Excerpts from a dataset
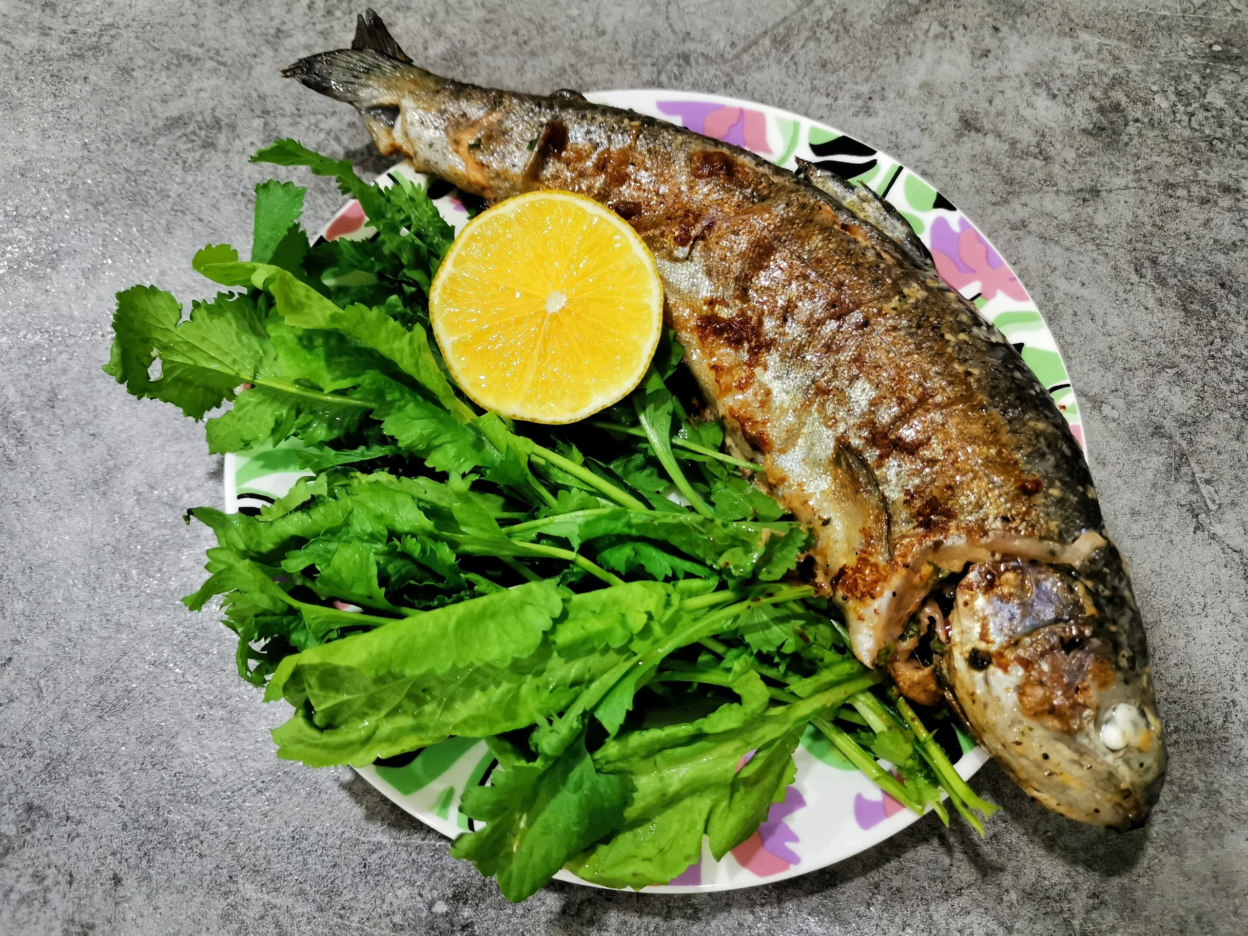 ШАГ 11 Через 5–6 минут переложить на блюдо с зеленью и подавать с кусочком лимона.
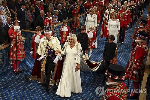 Britain's King Charles and Queen Camilla walk through the Royal Gallery on the day of the State Opening of Parliament at the Palace of Westminster in London, Wednesday, July 17, 2024. (Hannah McKay/Pool Photo via AP) POOL PHOTO
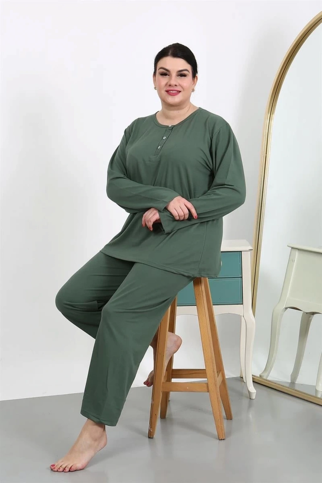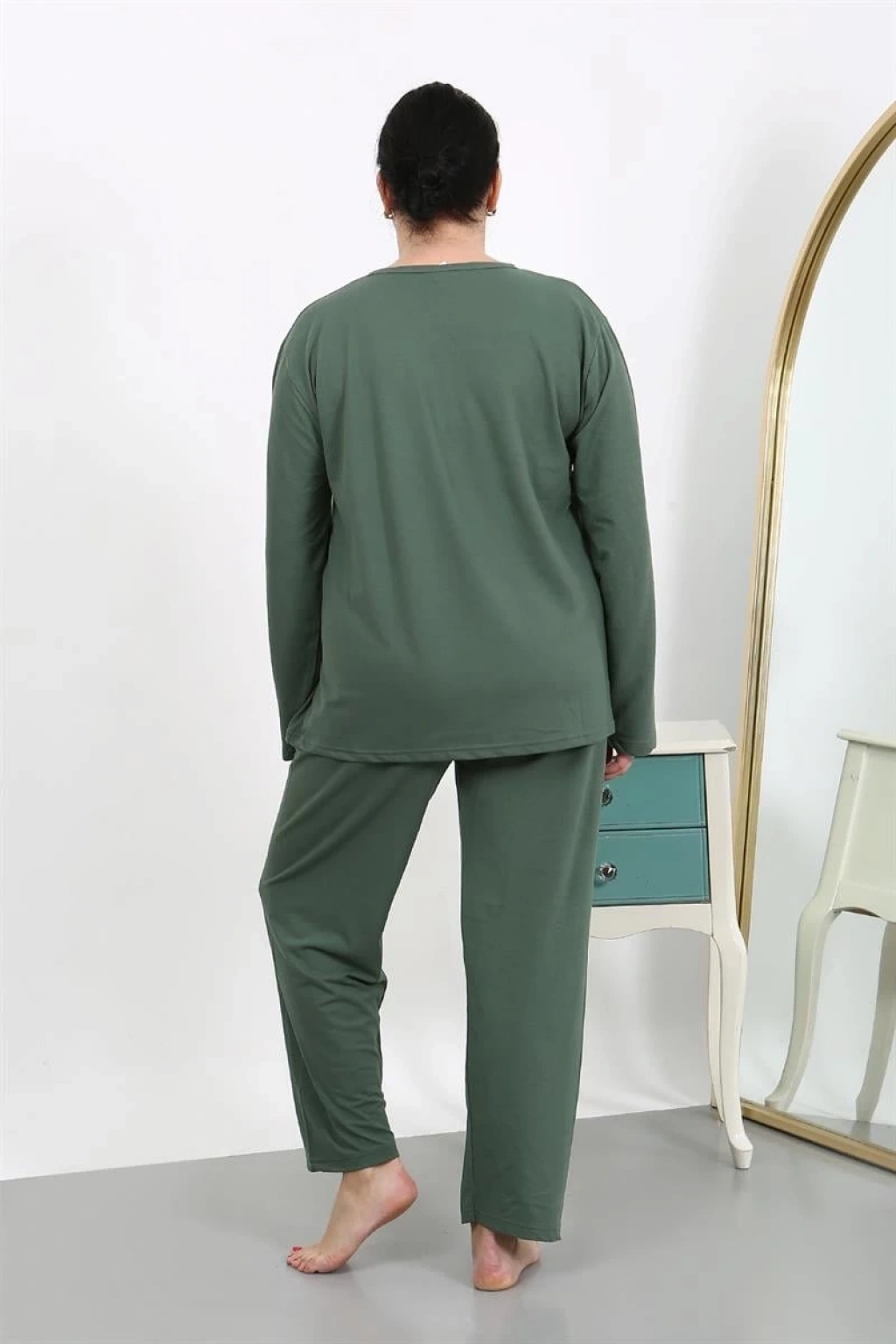 Moda Kadın Büyük Beden Uzun Kol Penye Pijama Takımı Haki
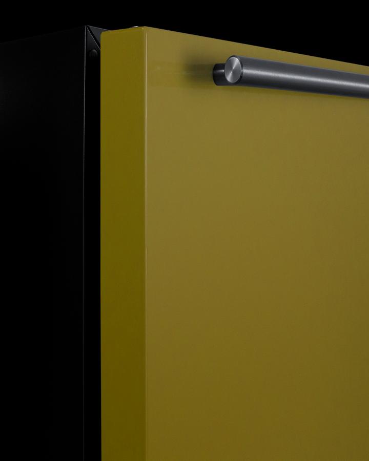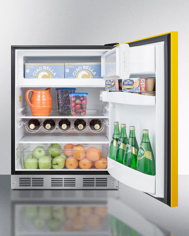 Make a statement under the counter with Summit's exclusive European collection of boldly colored refrigerators, available in standard or ADA compliant height. Model BRF631BKY is a 24" wide refrigerator-freezer with a generous capacity of more than 5 cu.ft. to meet general storage needs. The door comes in a bright saffron gold hue, with a sleek horizontally mounted stainless steel handle and matching stainless steel kickplate to complete the unique look. This unit has a jet black exterior cabinet. It is manufactured in Europe and modified in the United States with domestic steel finishing. Inside, the BRF631BKY features a dual evaporator to allow separated cooling of the fresh and frozen food sections. The refrigerated compartment utilizes low maintenance automatic defrost, while the interior freezer compartment is manual defrost to achieve lower storage temperatures ideal for ice cream and other frozen food. The deluxe interior includes adjustable glass shelves for spill-proof storage and easier cleaning, as well as a scalloped wine shelf to hold wine and champagne bottles safely in place. Door racks offer additional convenience for tall bottles and condiments and a clear crisper drawer ensures your produce is stored under the ideal conditions. This model includes automatic interior lighting and an adjustable dial thermostat. Additional colors are available, including emerald green, cobalt blue, and lavender. Browse the full Summit selection to find the perfect addition to your kitchen.
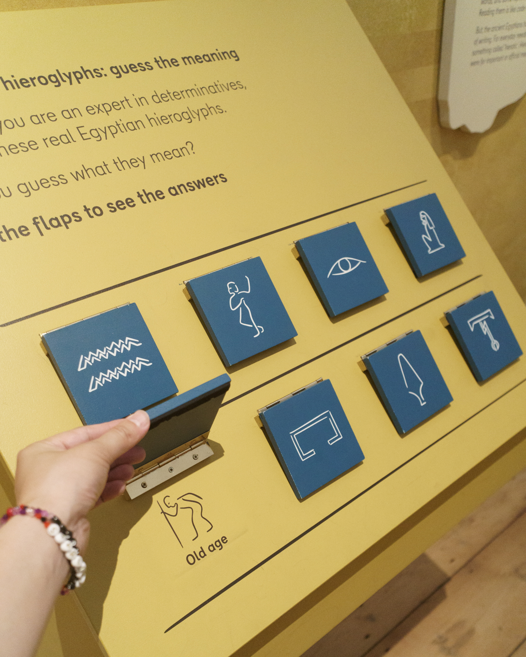 Spread out over three sections – Storytelling, Communicating, and Making – the assortment of displays give you a crash course in practically everything you ever wanted to know about Ancient Egypt. How do you read hieroglyphs? What colours did they use and what do they signify? Did you know they drew grids as an underdrawing to aid with their precise wall paintings? How were the pyramids built?
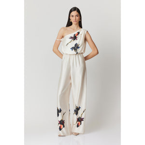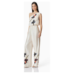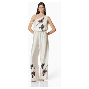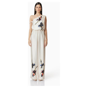 Introducing CURAAE's stunning CECILIA JUMPSUIT, featuring a gorgeous ivory iris print and stunning one shoulder detailing. Perfect for making a statement at any event. Elevate your style with this eye-catching and elegant jumpsuit.
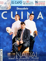 Los tres hermanos del Celler de Can Roca (Girona)- Josep, Joan y Jordi? cocinan y maridan un menú de tres estrellas especial para este mes de Navidad en Descobrir cuina. Como producto del mes: "capó", el pollo más sabroso del corral, que no puede faltar, en los encuentros gastronómicos de estas fechas. También, unas cuantas ideas de decoración para vestir bien las mesas en las fiestas. Además, incluye una entrevista a Jean Luc Figueras y, como cada mes, ofrece recetas de Carme Ruscalleda y postres de Jordi Roca.
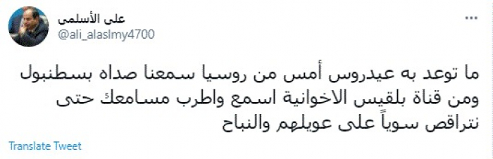 وكتب في تغريدة عبر "تويتر" رصدها "المشهد العربي": "ما توعد به عيدروس أمس من روسيا سمعنا صداه بإسطنبول ومن قناة بلقيس الإخوانية اسمع واطرب مسامعك حتى نتراقص سويًا على عويلهم والنباح".
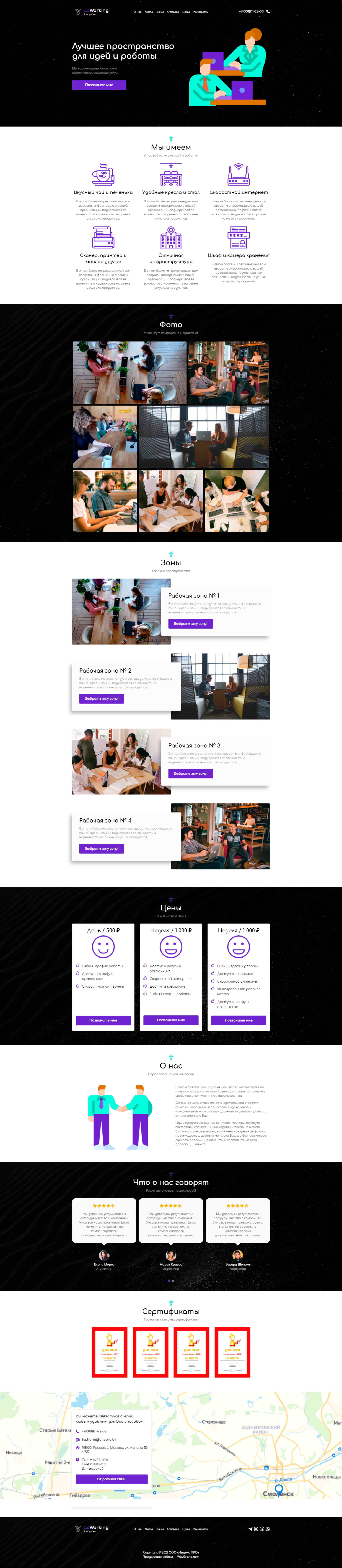 Закажите готовый продающий сайт лендинг #2130201 в Рязани за 1-3 дня «под ключ»: свёрстан, отрисован и готов к рекламе. Тематика шаблона «Коворкинг».
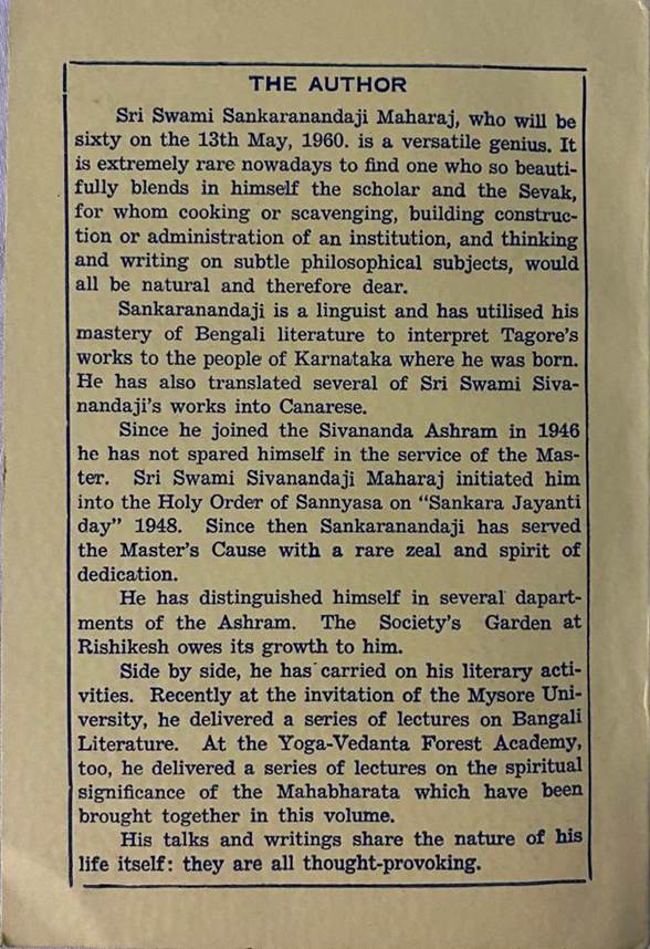 This highly interesting interpretation of the Maha Bharata was given by Sri Swami Sankaranandaji Maharaj, during the course of his lectures given at the Satsangha at the Sivarlandashram, for the benefit of the students of the Yoga-Vedanta Forest Academy. The discourses were very well received: and there was a holy command from His Holiness Sri Swami Sivanandaji Maharaj that they should be published in book-form for the benefit of students abroad.
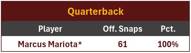 Marcus Mariota played the whole game for Jayden Daniels, who has now been shut down for the rest of the season with an elbow injury. Mariota completed 10 of 19 passes for 211 yds and 1 TD, while taking 2 sacks for 16 yds. He fumbled twice, losing one.
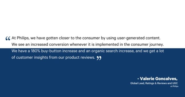 “På Philips har vi kommit närmare konsumenterna genom att använda användargenererat innehåll. Vi ser en ökad konvertering när den implementeras i konsumentresan. Vi har en 180-procentig ökning av klick på köpknappen och en ökning av organiska sökningar, och vi får en hel del kundinsikter från våra produktrecensioner.”
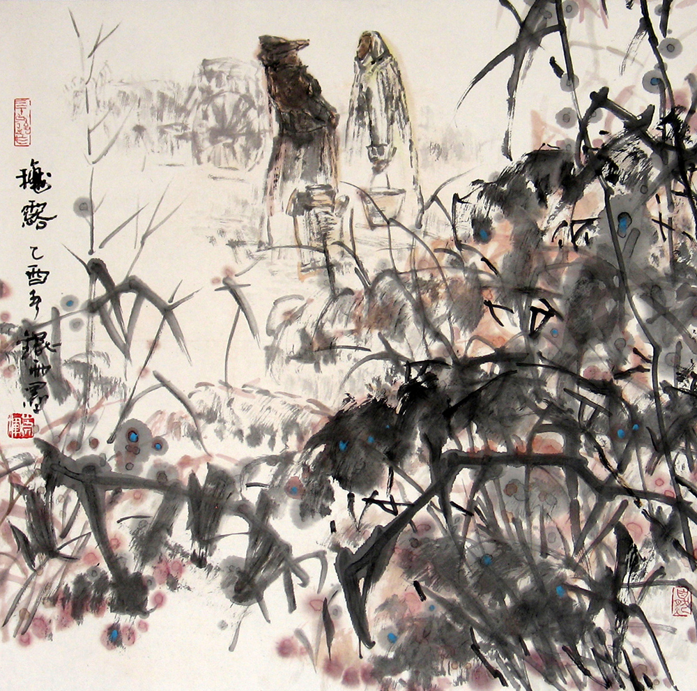 《秋露》 纸本彩墨 60cm╳60cm 2002年

▶ [WHAT YOU SHOULD DO]: Reproduce every record verbatim, please. Omit the images.

▶ [THE COMPLETED TASK]:
 ШАГ 11 Через 5–6 минут переложить на блюдо с зеленью и подавать с кусочком лимона.
 Britain's King Charles and Queen Camilla walk through the Royal Gallery on the day of the State Opening of Parliament at the Palace of Westminster in London, Wednesday, July 17, 2024. (Hannah McKay/Pool Photo via AP) POOL PHOTO
 Moda Kadın Büyük Beden Uzun Kol Penye Pijama Takımı Haki
 Make a statement under the counter with Summit's exclusive European collection of boldly colored refrigerators, available in standard or ADA compliant height. Model BRF631BKY is a 24" wide refrigerator-freezer with a generous capacity of more than 5 cu.ft. to meet general storage needs. The door comes in a bright saffron gold hue, with a sleek horizontally mounted stainless steel handle and matching stainless steel kickplate to complete the unique look. This unit has a jet black exterior cabinet. It is manufactured in Europe and modified in the United States with domestic steel finishing. Inside, the BRF631BKY features a dual evaporator to allow separated cooling of the fresh and frozen food sections. The refrigerated compartment utilizes low maintenance automatic defrost, while the interior freezer compartment is manual defrost to achieve lower storage temperatures ideal for ice cream and other frozen food. The deluxe interior includes adjustable glass shelves for spill-proof storage and easier cleaning, as well as a scalloped wine shelf to hold wine and champagne bottles safely in place. Door racks offer additional convenience for tall bottles and condiments and a clear crisper drawer ensures your produce is stored under the ideal conditions. This model includes automatic interior lighting and an adjustable dial thermostat. Additional colors are available, including emerald green, cobalt blue, and lavender. Browse the full Summit selection to find the perfect addition to your kitchen.
 Spread out over three sections – Storytelling, Communicating, and Making – the assortment of displays give you a crash course in practically everything you ever wanted to know about Ancient Egypt. How do you read hieroglyphs? What colours did they use and what do they signify? Did you know they drew grids as an underdrawing to aid with their precise wall paintings? How were the pyramids built?
 Introducing CURAAE's stunning CECILIA JUMPSUIT, featuring a gorgeous ivory iris print and stunning one shoulder detailing. Perfect for making a statement at any event. Elevate your style with this eye-catching and elegant jumpsuit.
 Los tres hermanos del Celler de Can Roca (Girona)- Josep, Joan y Jordi? cocinan y maridan un menú de tres estrellas especial para este mes de Navidad en Descobrir cuina. Como producto del mes: "capó", el pollo más sabroso del corral, que no puede faltar, en los encuentros gastronómicos de estas fechas. También, unas cuantas ideas de decoración para vestir bien las mesas en las fiestas. Además, incluye una entrevista a Jean Luc Figueras y, como cada mes, ofrece recetas de Carme Ruscalleda y postres de Jordi Roca.
 وكتب في تغريدة عبر "تويتر" رصدها "المشهد العربي": "ما توعد به عيدروس أمس من روسيا سمعنا صداه بإسطنبول ومن قناة بلقيس الإخوانية اسمع واطرب مسامعك حتى نتراقص سويًا على عويلهم والنباح".
 Закажите готовый продающий сайт лендинг #2130201 в Рязани за 1-3 дня «под ключ»: свёрстан, отрисован и готов к рекламе. Тематика шаблона «Коворкинг».
 This highly interesting interpretation of the Maha Bharata was given by Sri Swami Sankaranandaji Maharaj, during the course of his lectures given at the Satsangha at the Sivarlandashram, for the benefit of the students of the Yoga-Vedanta Forest Academy. The discourses were very well received: and there was a holy command from His Holiness Sri Swami Sivanandaji Maharaj that they should be published in book-form for the benefit of students abroad.
 Marcus Mariota played the whole game for Jayden Daniels, who has now been shut down for the rest of the season with an elbow injury. Mariota completed 10 of 19 passes for 211 yds and 1 TD, while taking 2 sacks for 16 yds. He fumbled twice, losing one.
 “På Philips har vi kommit närmare konsumenterna genom att använda användargenererat innehåll. Vi ser en ökad konvertering när den implementeras i konsumentresan. Vi har en 180-procentig ökning av klick på köpknappen och en ökning av organiska sökningar, och vi får en hel del kundinsikter från våra produktrecensioner.”
 《秋露》 纸本彩墨 60cm╳60cm 2002年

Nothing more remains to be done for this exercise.